Data-Enabled Policy Optimization for Direct Adaptive Learning of the LQR

Feiran Zhao,Florian Dörfler,Alessandro Chiuso,Keyou You
2024-10-04
Abstract:Direct data-driven design methods for the linear quadratic regulator (LQR) mainly use offline or episodic data batches, and their online adaptation has been acknowledged as an open problem. In this paper, we propose a direct adaptive method to learn the LQR from online closed-loop data. First, we propose a new policy parameterization based on the sample covariance to formulate a direct data-driven LQR problem, which is shown to be equivalent to the certainty-equivalence LQR with optimal non-asymptotic guarantees. Second, we design a novel data-enabled policy optimization (DeePO) method to directly update the policy, where the gradient is explicitly computed using only a batch of persistently exciting (PE) data. Third, we establish its global convergence via a projected gradient dominance property.
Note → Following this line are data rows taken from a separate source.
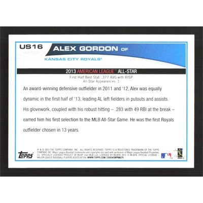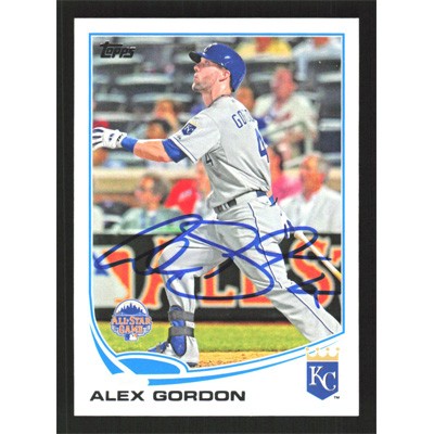 This is a 2013 Topps Update Alex Gordon All-Star autographed baseball card. This card has been signed, in blue, by Alex Gordon, and is guaranteed authentic by Ballcardz.com. The card is #US16 and pictures show condition.
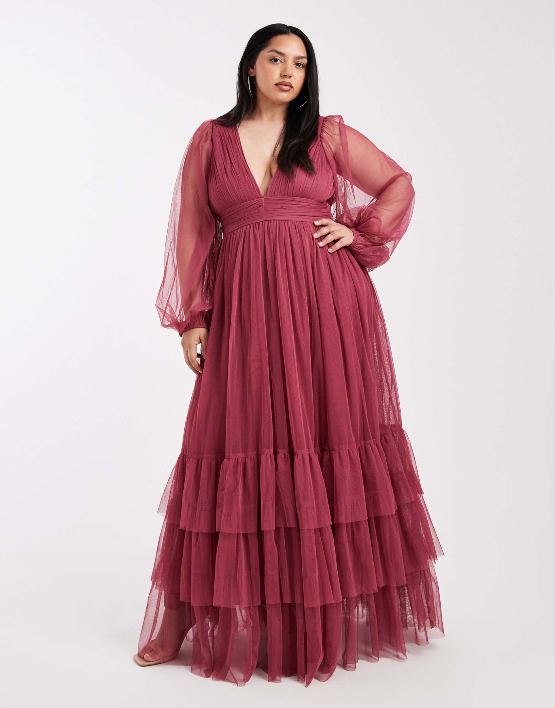 Soft tulle layers and a flowing maxi hem create a romantic silhouette in this dusty rose plus-size gown. The plunge neckline and balloon long sleeves add elegant volume, while ruffle details cascade beautifully across the skirt. Crafted from sheer polyester tulle with a fitted waist, this regular fit dress offers graceful movement for weddings, formal occasions, or cocktail events. Its classic style and timeless charm make it a versatile choice for special celebrations in any season.
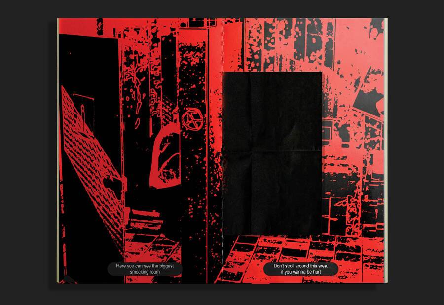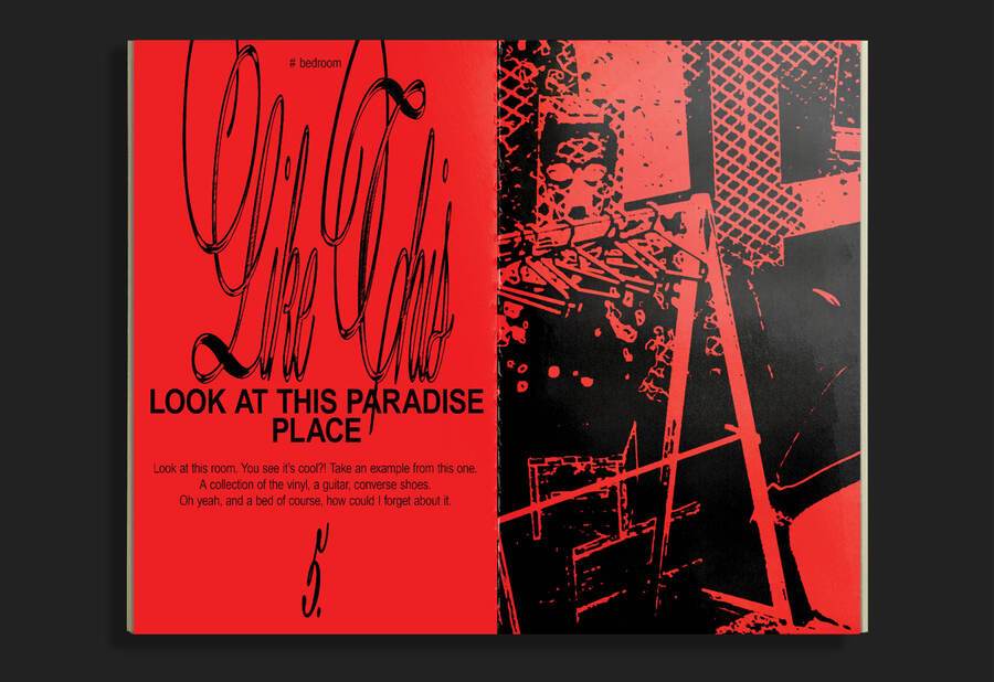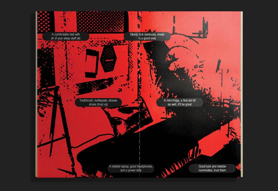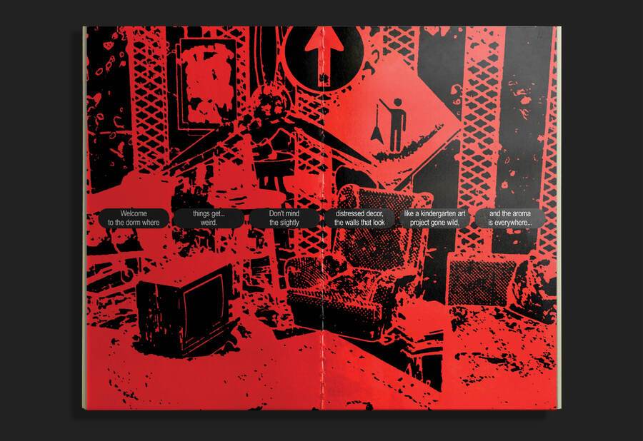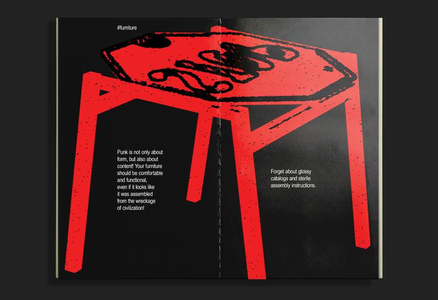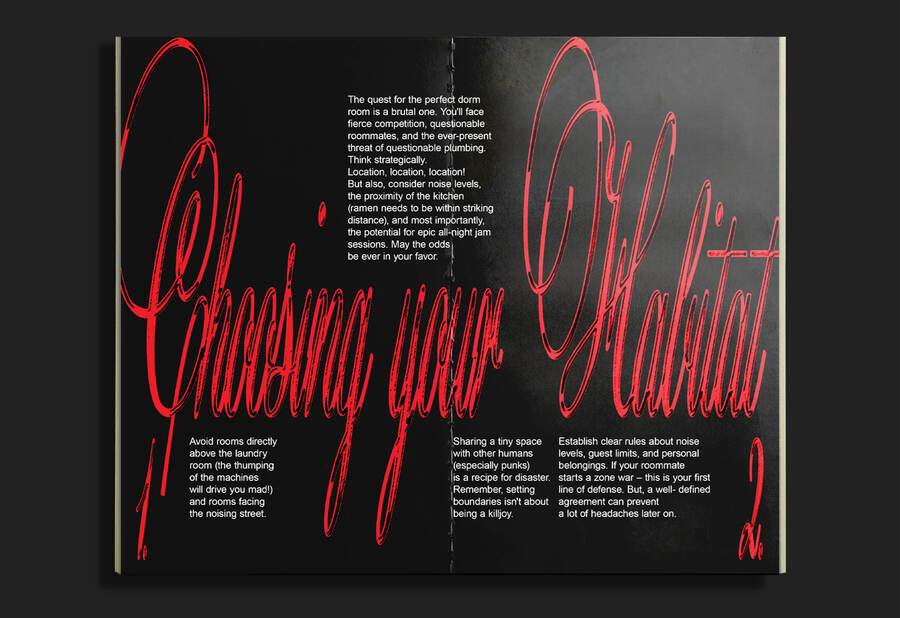 Зин представляет собой инструкцию по выживанию в общаге для панков. Её жильцы обладают бунтарским духом, поэтому принцип типографики — нарушение правил.

Importantly, we efficiently use DeePO to adaptively learn the LQR by performing only one-step projected gradient descent per sample of the closed-loop system, which also leads to an explicit recursive update of the policy. Under PE inputs and for bounded noise, we show that the average regret of the LQR cost is upper-bounded by two terms signifying a sublinear decrease in time $\mathcal{O}(1/\sqrt{T})$ plus a bias scaling inversely with signal-to-noise ratio (SNR), which are independent of the noise statistics. Finally, we perform simulations to validate the theoretical results and demonstrate the computational and sample efficiency of our method.
Optimization and Control,Systems and Control
What problem does this paper attempt to address?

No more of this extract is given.